Развод со зверем - Анна Григорьевна Владимирова
— Там, — указала я куда-то из последних сил, скатилась головой ему на грудь… и, кажется, вырубилась.
***
Я закрыл ногой двери своего кабинета, но Моль в руках и ухом не повела. Последнее, что следовало сделать в этой ситуации — отнести ее к себе в спальню, но куда мне ее девать, если она оказалась не в состоянии показать дорогу к своему номеру? Да и спокойнее будет оставить ее под присмотром. Непьющая женщина после бокала бурбона залпом почти натощак способна на всякое. А женщина с хорошо поставленным ударом правой — тем более не внушала доверия.
Я уложил ее поближе к краю кровати и на всякий случай приготовил ведро рядом, но Лара вела себя тихо, безмятежно сопя.
— Вот и поговорили, — покачал я головой, глядя на нее.
Захотелось еще выпить. Потому что все, что всколыхнула эта Моль в моей душе сегодня, хотелось обезболить. Она во всем права. А еще мне вдруг подумалось, что я не на похороны к Андрею приехал. Я знал, что мне станет тут тошно от всего — долга, за который придется расплатиться с процентами, и отвращения, которое принесет эта расплата. Но мне хотелось хлебнуть этого дерьма, чтобы отвлечься от боли потери своей женщины, которая продолжала выжигать все внутри.

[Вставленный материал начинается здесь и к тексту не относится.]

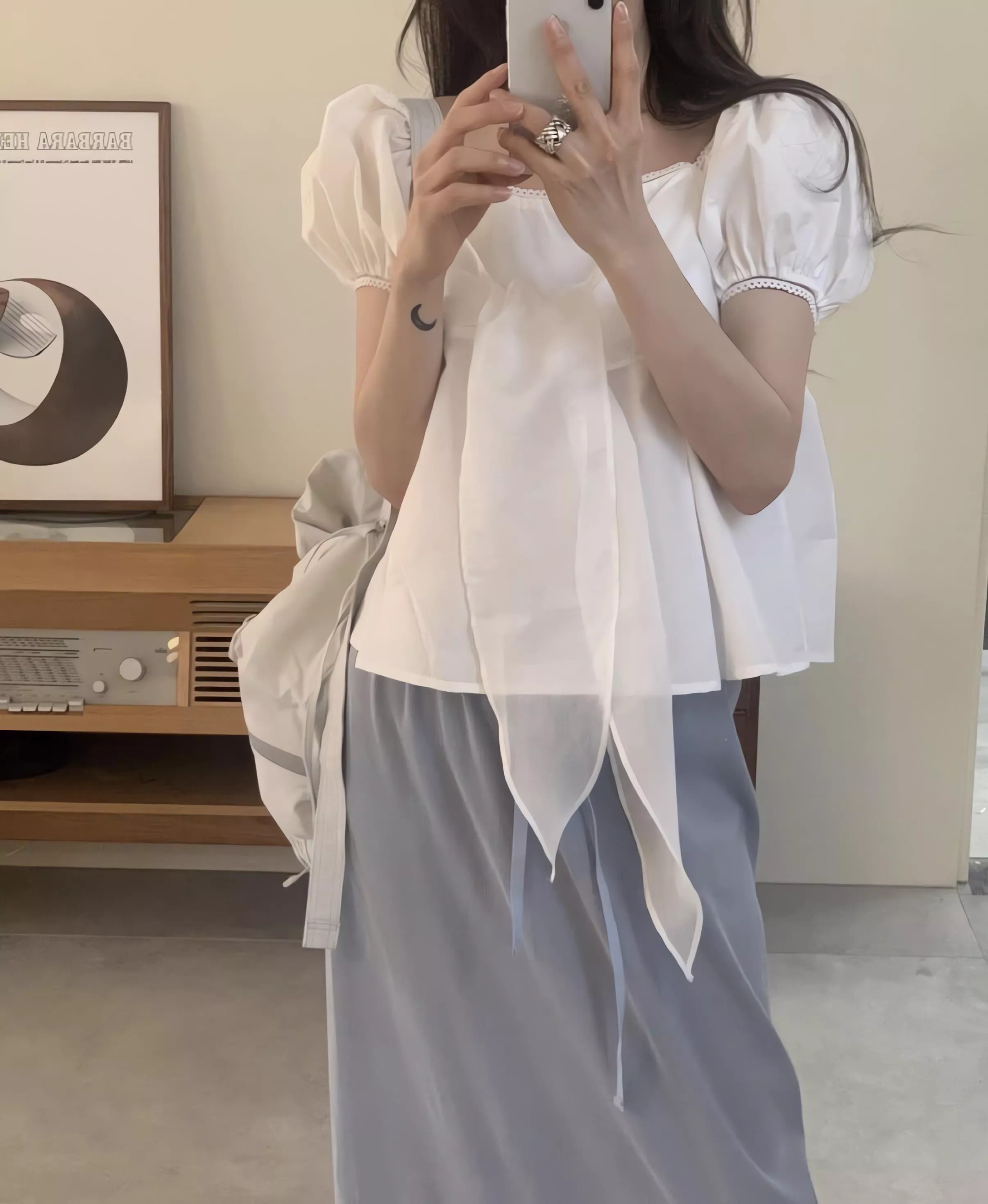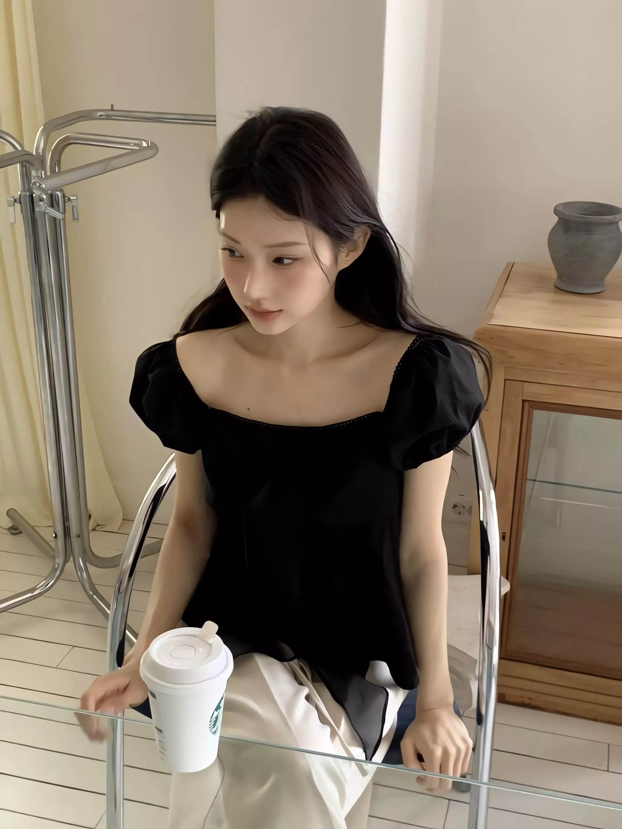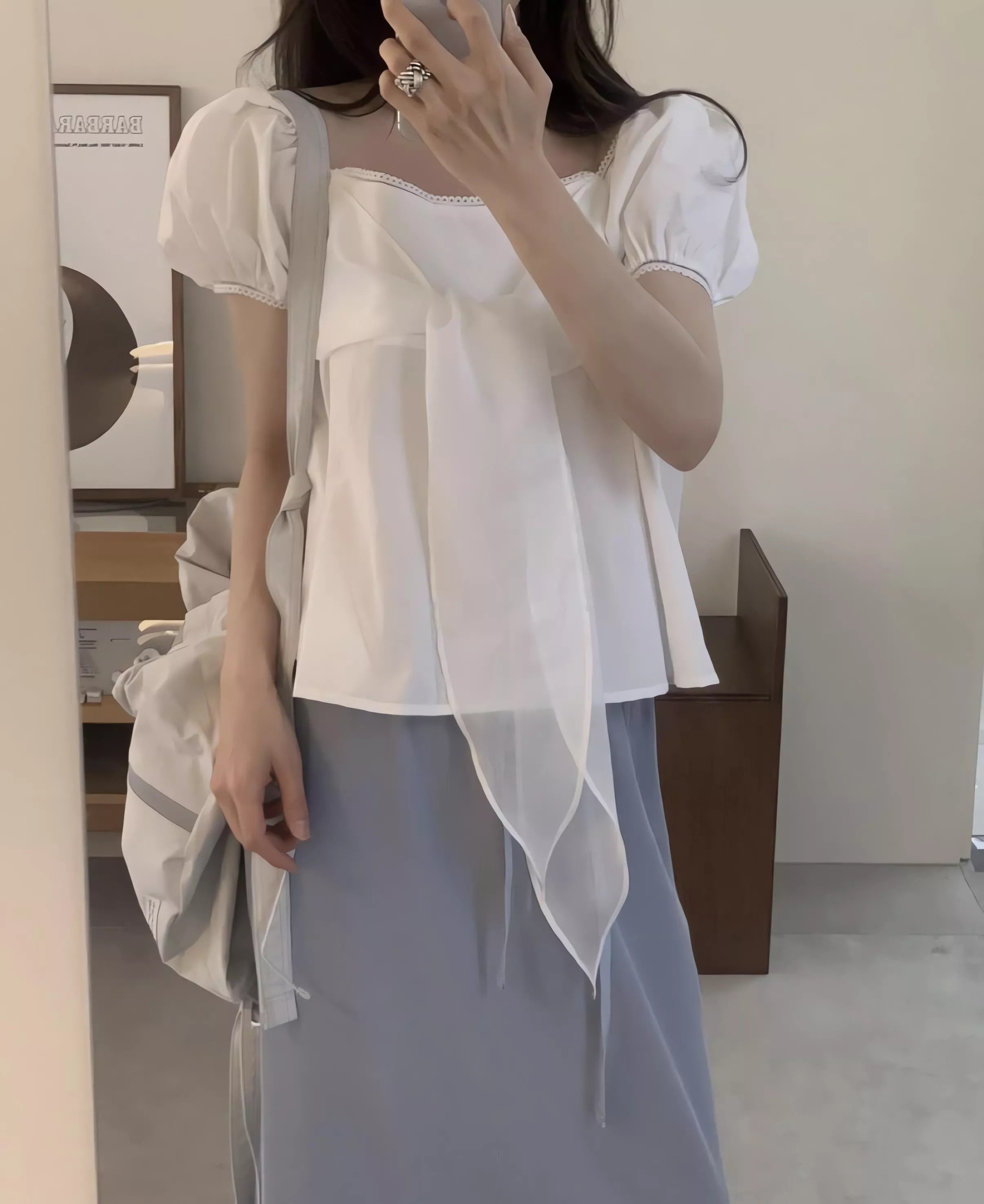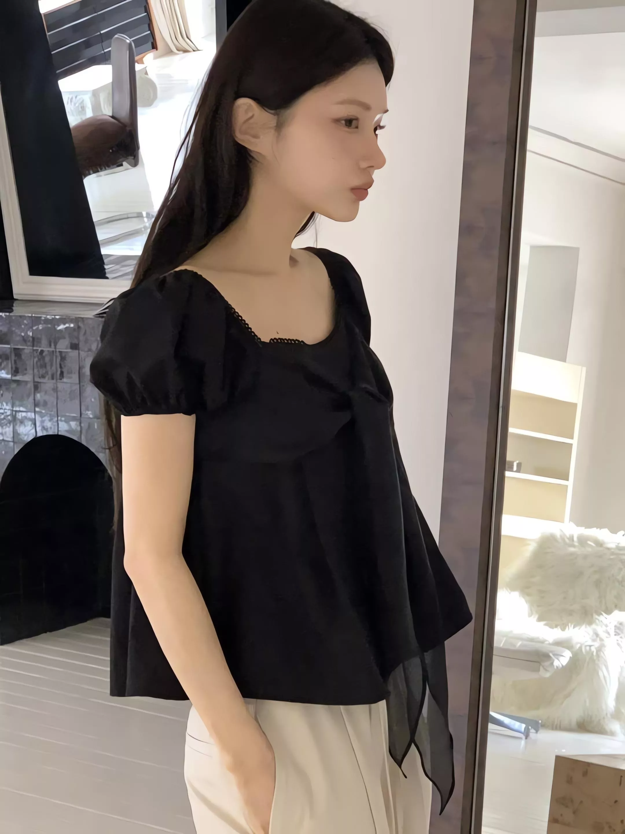 方領剪裁把鎖骨線條自然帶出來,視覺乾淨,也讓整體多了一點輕柔的女人味。領口可以正常穿,也可以微微往下拉成露肩造型,依照當天的狀態去調整,氛圍會完全不一樣。

Я опустился в кресло и устало откинулся на спинку. Похоже, спать придется тут. Но вряд ли получится. Тихое дыхание Моли и ее запах вперемешку с легким алкогольным флером — своеобразное сочетание. И оно вызывало непонятную жажду.
21
Кажется, хотелось напиться. А еще — сесть за руль и разогнаться по пустой трассе до какого-нибудь дерева…
Я тряхнул головой и направился в ванную. Отек на скуле уже спал, синяк уменьшился, но алкоголь замедлил регенерацию, как того и требовалось.
Отупело разглядывая свою физиономию в зеркале, я думал, что мне нужен какой-то смысл жизни, цель, надежда на что-то… Лев был не прав — хирургия для меня всего лишь одержимость, но никогда не станет основным смыслом существования. Больше не станет. Работа давно уже не приносила удовлетворения. Даже тогда, в прошлой жизни. И я был рад сместившимся приоритетам. У меня ведь появилась Лиза, и мне захотелось простого человеческого счастья — дома, семьи, детей… Нет, легче тут мне определенно не стало. Меня продолжала жрать душевная боль потери и выворачивало от отвращения к самому себе и происходящему.
Умывшись, я вернулся в комнату, поглядел с отвращением на кресло, потом на кровать. Здоровая. Моль на ней казалась еще меньше и занимала от силы десятую часть. Кажется, утром меня будет ждать новый боксерский раунд, но было плевать.
Я слишком устал.
Растянувшись с тихим вздохом с противоположного края, я прикрыл глаза и вдруг поймал себя на том, что по привычке прислушиваюсь к сердцебиению девушки. Когда-то я так привык слушать сердце Лизы по ночам, что научился спать и слушать одновременно, подскакивая на любой приступ аритмии…
Но сердце Моли билось ровно, спокойно… И это постепенно охладило нервы, распуская их натянутые струны поперек грудной клетки, и я задышал глубже, тут же проваливаясь в глубокий сон.
***
Проснулась я от того, что меня тошнит. А еще неприятно ныла голова. Кое-как разлепив тяжелые веки, я вздохнула глубже и тихо застонала. Белый потолок не дал подсказок о том, как завершился вчерашний день и, главное, где. Только тут рядом вдруг послышался глубокий вздох, и подо мной дрогнул матрас.
— Судя по стону и тахикардии, тебе очень хреново, — констатировал Князев хрипло, и я раскрыла в ужасе глаза, замирая. — Вот только не разгоняй свое сердце сильнее, а то тебя сейчас еще и вывернет.
Я закрыла глаза и тяжело сглотнула, стараясь успокоиться. Действительно, чего уж нервничать? Я просто в кровати с Князевым после того, как избила его, навязалась с разговором за ужином и налакалась до потери сознания.
— Держись, Лара. Мы оба знаем, что ты сильная, — веселился он.
Гад.
— Вы всегда такой добрый после ночи с пьяной ассистенткой? — сдавленно поинтересовалась я, соображая, что лежу под одеялом в одном белье. Осознать всю глубину задницы, которая рисовалась на фоне апокалипсиса моей профессиональной карьеры, было, к счастью, сложно из-за головной боли.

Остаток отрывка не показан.